De Sāo Paulo, SP.
O segundo furo no dique da perceção de que vivemos num mundo ordenado, que pode ser previsto, veio das descobertas da mecânica quântica do iníco do século XX. A física quântica mostrou que a natureza indisciplinada do universo não poderia ser totalmente explicada nem pelos deuses, nem pela física newtoniana.
Um mundo que pode ser definido, pelo menos em parte, por equações que produzem uma aleatoriedade inexplicável, não é apenas um mundo parcialmente aleatório, ele é surpreendentemente arbitrário.
Isso mudou a concepção científica dominante sobre nosso mundo, do determinismo para o indeterminismo.
Buscando sentido matemático para transformações sociais
Como querer que transformações sociais façam sentido, se as mudanças costumam surgir do caos? Esse é o grande problema das ciências sociais, um campo que tenta identificar padrões e exercer controle sobre o sistema mais indisciplinado e caótico que existe no universo:
Oito bilhões de cérebros humanos interagindo em um mundo em constante mudança
Apesar de no século XIX filósofos como o inglês John Stuart Mill e outros acreditarem haver leis que explicariam o comportamento humano, a ciência social foi sendo dissuadida da ideia de que existiria uma “física social”.

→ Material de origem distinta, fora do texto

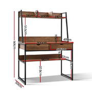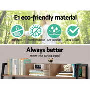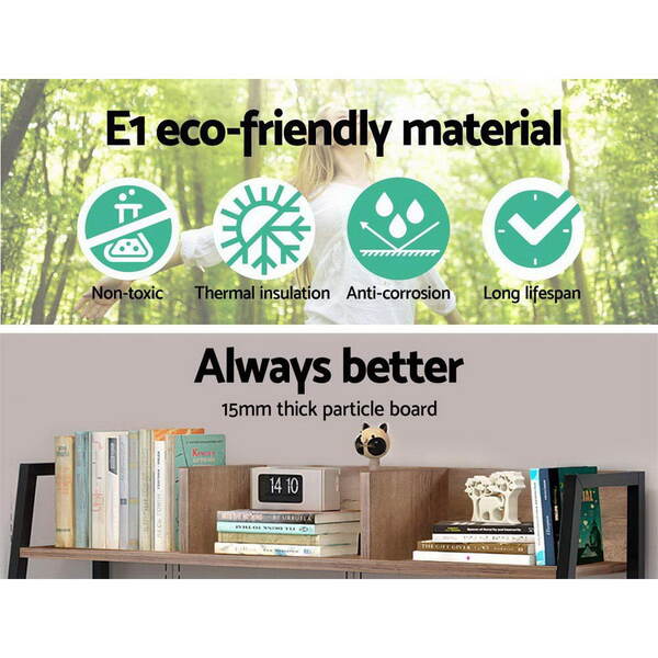 Drawing its inspiration from industrial design cues, our Artiss Turis Computer Desk is a work of meticulous craftsmanship in form and function. It is designed to enhance your work efficiency and yet add a stylish touch to your home or office décor. Made from 15mm thick eco-friendly E1 particle board with beautiful natural dark woodgrain finish the desk is durable and easy to maintain for longlasting use. The black power-coated metal frame also ensures reliable load-carrying stability for robust use. The desk offers plenty of space for work and storage from top to bottom. The partitioned shelves up top, two drawers with sleek cut-out handles and one large under-desk shelf allows you store all your work essentials, files, books, binders and stationery, while the wide tabletop easily accommodates your laptop and other working peripherals. All in, the Artiss Turis Computer Desk is your inspired workspace for years to come.
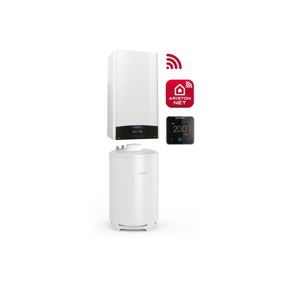 Pakiet kotła jednofunkcyjnego kondensacyjnego z zasobnikiem, regulatorem pogodowym i zdalnym sterowaniem za pomocą aplikacji na smartfon ARISTON NET
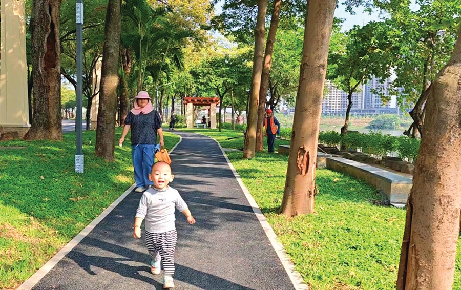 采訪當(dāng)天上午,住在荷蘭水鄉(xiāng)的馬女士正帶著3歲女兒在荷香園玩滑滑梯和運(yùn)動(dòng)器材。鍛煉玩耍了一個(gè)多小時(shí)后,她和女兒就往江邊方向走到荷蘭水鄉(xiāng)周邊綠地,走走步道,看看江景。“綠地變得更干凈漂亮,和荷香園串聯(lián)起來(lái),可以好好享受幾個(gè)小時(shí)!瘪R女士說(shuō),近一個(gè)月以來(lái),全家人幾乎每天都會(huì)來(lái)家門口這兩個(gè)串聯(lián)起來(lái)的景點(diǎn)鍛煉和玩耍。

Os estudiosos das ciências sociais passaram a adotar o que o sociólogo americano Robert K. Merton chamou de “Teoria Intermediária”, na qual os pesquisadores procuram identificar padrões de regularidade em domínios menores, que mais adiante poderiam ser aglutinados para derivar os fundamentos teóricos mais amplos da sociedade humana.
A abordagem mais comum às ciências sociais é utilizar dados empíricos do passado para descobrir padrões ordenados, que apontem para relações estáveis entre causas e efeitos.
Quais variáveis se correlacionam melhor com o surgimento de guerras civis? Que indicadores econômicos oferecem, de modo mais preciso, sinais de alerta precoce das recessões? O que leva à democracia? Se oferecermos educação financeira, as pessoas irão aderir a um plano de previdência complementar e poupar regularmente para a aposentadoria?
A ciência social passou a ser dominada por uma ferramenta acima das demais: regressões lineares.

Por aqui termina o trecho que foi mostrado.